Wednesday, May 19, 2010

Recife Inverno


"Aceita um café? Vou buscar! Talvez tenha adoçado demais...". Bebo em solitude. Às vezes o Recife é tão triste quanto um pão francês dormido e mofado. Ali abandonado em seu saco de papel escuro de quem não serviu a banhar-se em leite e ser tornado fatia parida. Como diriam em mesas de natais; "feito rabanada"! Seu inverno é úmido e abafado.

Não fosse tão úmido e verde escuro estaria agora polvilhado em açúcar e canela. Serveria mais se fosse apenas um Recife duro. Faria sorrindo em rodelas a alegria de meninos e meninas em cafés da manhã de ternura, em festa!

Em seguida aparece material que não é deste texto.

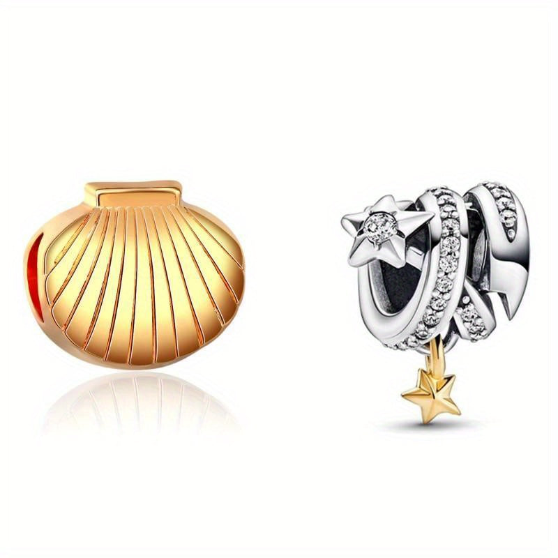 Add a touch of sparkle to your DIY bracelet or necklace with these 2pcs rhinestone shooting star and shell alloy pendants. Perfect for creating unique jewelry pieces.

Com presença de carinho de mãe no jarro de vidro sobre a mesa.

Mas no seu inverno o Recife não é assim... É cigarro molhado, feito charco de cinco mil substâncias para matar ratos e baratas. Socorrer por baratos o sujeito incauto em beco coberto de marcas. É mais triste que abandono de recifense esquecido na parada pelo último ônibus que passa apressado.

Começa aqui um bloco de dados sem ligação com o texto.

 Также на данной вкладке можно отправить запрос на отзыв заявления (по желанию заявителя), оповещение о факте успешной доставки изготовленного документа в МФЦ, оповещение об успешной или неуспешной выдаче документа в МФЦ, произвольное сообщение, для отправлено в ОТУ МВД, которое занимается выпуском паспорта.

É noite de perigo e o Recife nunca pôde dar abrigo definitivo aos que vão se desmanchando feito papel pelas encostas. Recife nunca pôde se dar de presente em caminhões de lata para crianças que aprendem cedo a brincar com aquilo que mata. Meninos e meninas que guardam seus desejos, sonhos de brinquedos, por minguados que faltam. É overdose de desespero, de pancada, de dor que não passa...

Recife, no inverno, às vezes não vai nem com o café mais adoçado do amigo vigilante que me espia escrevendo em bloquinhos no assento do carro. Não Recife, não bastará teu carnaval para me fazer feliz. Rezo pela cartilha de Neruda que me diz do homem, da mulher, do pão e do vinho. Da mesa, da morada...

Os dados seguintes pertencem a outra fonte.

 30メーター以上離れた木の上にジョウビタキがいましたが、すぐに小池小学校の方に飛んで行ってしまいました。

Homeless que sou, me abrigo em lugares distintos. Um dia um, n'outro outro. E assisto a seu modo o Recife oferecer um sorriso ao me olhar no rosto, feito reconhecimento, e a um só tempo, me expulsar. Justo em momentos que nos faríamos quites. Não, eu não entendo. É meu amigo vigilante quem vem e consola minha fragilidade de osso exposto. De criatura feita de mola.

Eu que ora sou espicho, ora rolha. Espicho e encolho. Numa hora pingo, mergulho e afogo. Quem dera não tivesse sequer encharcado... Podeira apenas dizer como imagem da minha tristeza que me sinto um desses pássaros capturados, logo de manhãzinha, nas matas atlânticas de teus arredores, Recife.

Cruelmente, esses homens que não têm o que fazer, nem se darão ao trabalho, usam outros canários para atrair suas presas. É assim no sexto e em outros quilômetros da Aldeia. Testemunho em gritos de buzina para espantá-los. Mas a verdade é que não vou conseguir socorrê-los ou fazê-los correr dali. Fugir das arapucas montadas em cercas rentes ao pasto.

Capim que sou só me resta acender esse cigarro molhado, sacar o bloquinho enquanto espero o ônibus. Meu único brinquedo. Eu que perdi meu caminhão de lata... E beber com alguma alegria matutina o café "talvez adoçado demais" do meu amigo vigilante. Para quem agradeço num cumprimento tímido, sem abraço.